### WORK TASK
Copy exactly, from the beginning of the material below, every line up to and including the one holding "A 3D bunny wearing", with the pictures left out.

### DATA EXCERPT
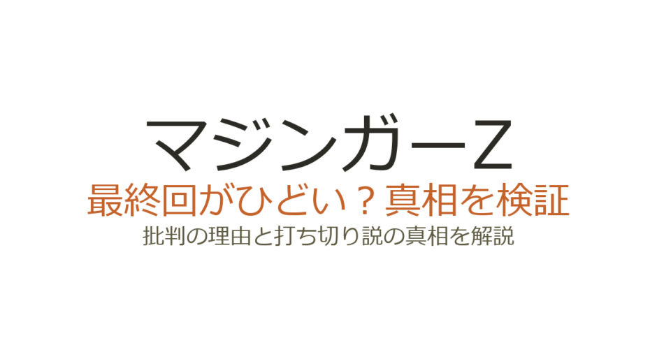 『マジンガーZ』の最終回は、無敵だったはずのマジンガーZがミケーネ帝国の戦闘獣に無残に敗れ、突如現れたグレートマジンガーに主役の座を奪われるという衝撃的な展開で、放送から50年以上経った今でも「ひどい」「トラウマ」と語られ続けています。最終回の唐突さから「打ち切りだったのでは?」という声もありますが、最高視聴率30.4%を記録した大ヒット作であり、打ち切りではありません。この記事では、マジンガーZの最終回がなぜ批判されるのか、その背景にあった制作事情と打ち切り説の真相を詳しく解説します。
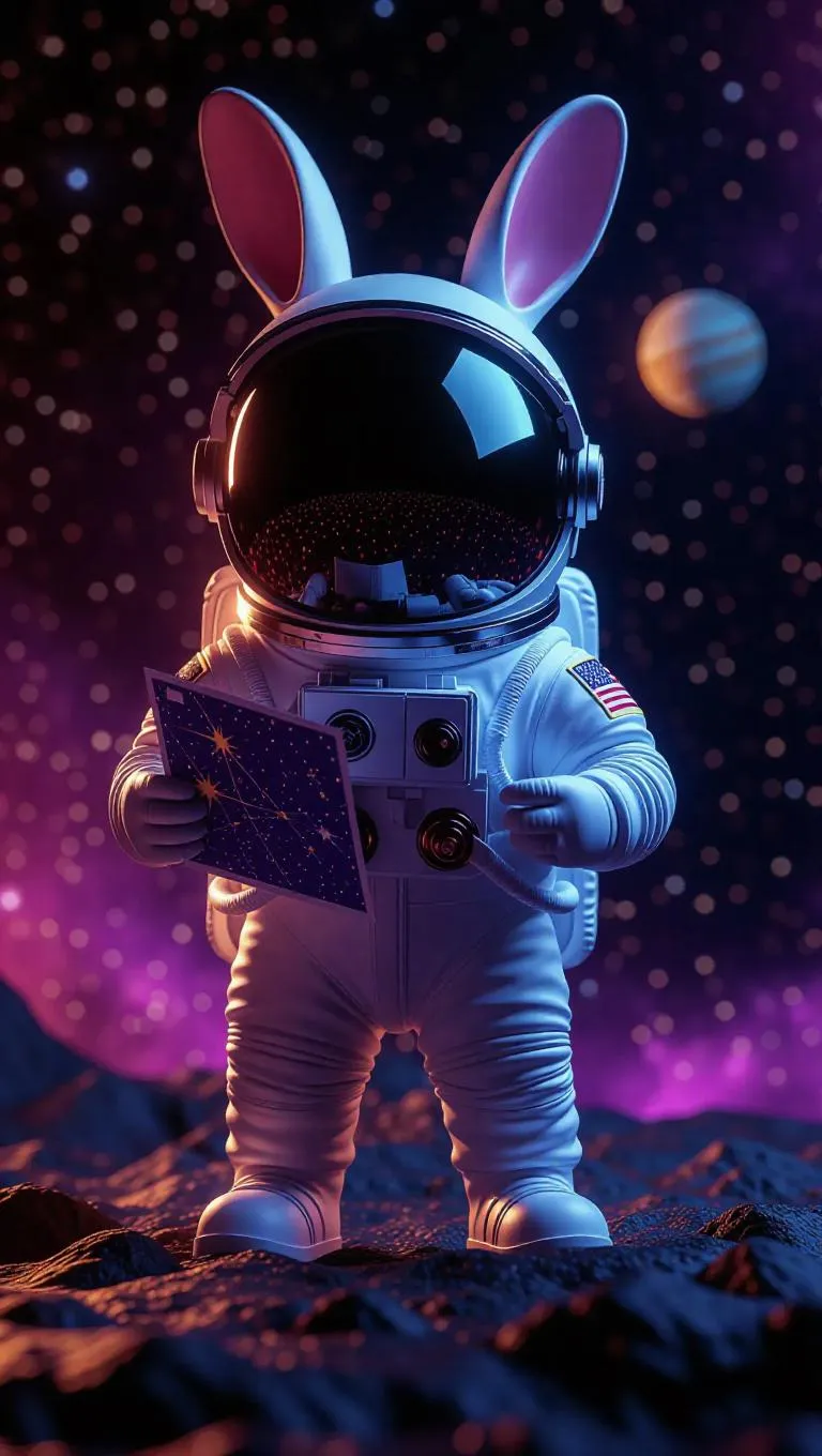 A 3D bunny wearing an astronaut suit and helmet, standing upright on two legs, holding a space map, surrounded by stars and a distant planet, exuding an adventurous and explorative atmosphere, with a dark cosmic backdrop and vibrant galaxies.
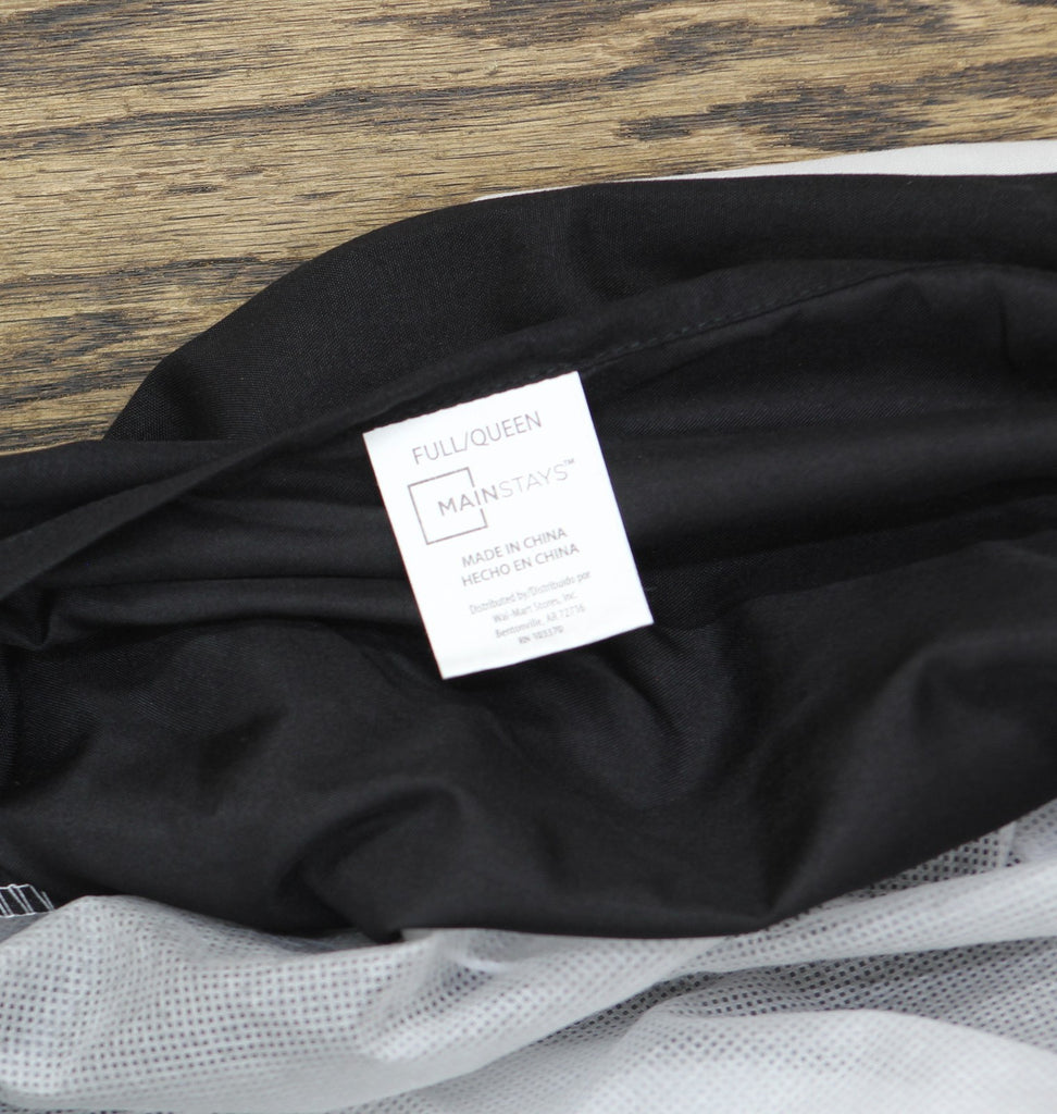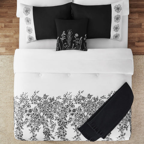 The Mainstays 5 Piece Sketch Floral Comforter Set in size Full/Queen brings a charming floral motif in a contemporary style to your guest or master bedroom. This comforter set includes 1 comforter, 2 shams, 1 embroidered decorative pillow and a throw. The comforter is made from a soft and cozy 100% Polyester microfiber with white on the front and black on the reverse. The front is then covered in a lovely black floral embroidery, providing a beautiful contrast against the white fabric. It is packaged in a reusable bag as a bonus item. All of these features come at an incredible value where you can be confident that you will get your money's worth and also enjoy a stylish, comfortable bedding ensemble for your space. Imported. Adult, Unisex 5 piece comforter set Mainstays 5 Piece Sketch Floral Queen Comforter Set includes 1 Comforter (88`` x 92``), 2 Shams (20`` x 26``), 1 decorative pillow (16`` x 16``), 1 throw (50`` x 60``) with a bonus self fabric bag Care Instructions: Use front load commercial washer and dryer, machine wash cold delicate, wash separately. Use only non-chlorine bleach when needed, tumble dry low, remove promptly. Cool Iron if necessary. Pillows: Spot Clean Fabric Content: 100% Polyester Microfiber Face, Microfiber solid back, down alternative polyfill, and bed skirt uses non-woven platform with microfiber drop All Season: The midweight down alternative polyfill offers sufficient warmth in the winter and cool comfort in the summer for year-round satisfaction Style: The contemporary, clean look of the Sketch Floral Comforter Set can transition into many different styles of bedrooms for a sophisticated and beautiful decor. Sizes: This product is available in Full/Queen and King Sizes

### REPLY
 『マジンガーZ』の最終回は、無敵だったはずのマジンガーZがミケーネ帝国の戦闘獣に無残に敗れ、突如現れたグレートマジンガーに主役の座を奪われるという衝撃的な展開で、放送から50年以上経った今でも「ひどい」「トラウマ」と語られ続けています。最終回の唐突さから「打ち切りだったのでは?」という声もありますが、最高視聴率30.4%を記録した大ヒット作であり、打ち切りではありません。この記事では、マジンガーZの最終回がなぜ批判されるのか、その背景にあった制作事情と打ち切り説の真相を詳しく解説します。
 A 3D bunny wearing an astronaut suit and helmet, standing upright on two legs, holding a space map, surrounded by stars and a distant planet, exuding an adventurous and explorative atmosphere, with a dark cosmic backdrop and vibrant galaxies.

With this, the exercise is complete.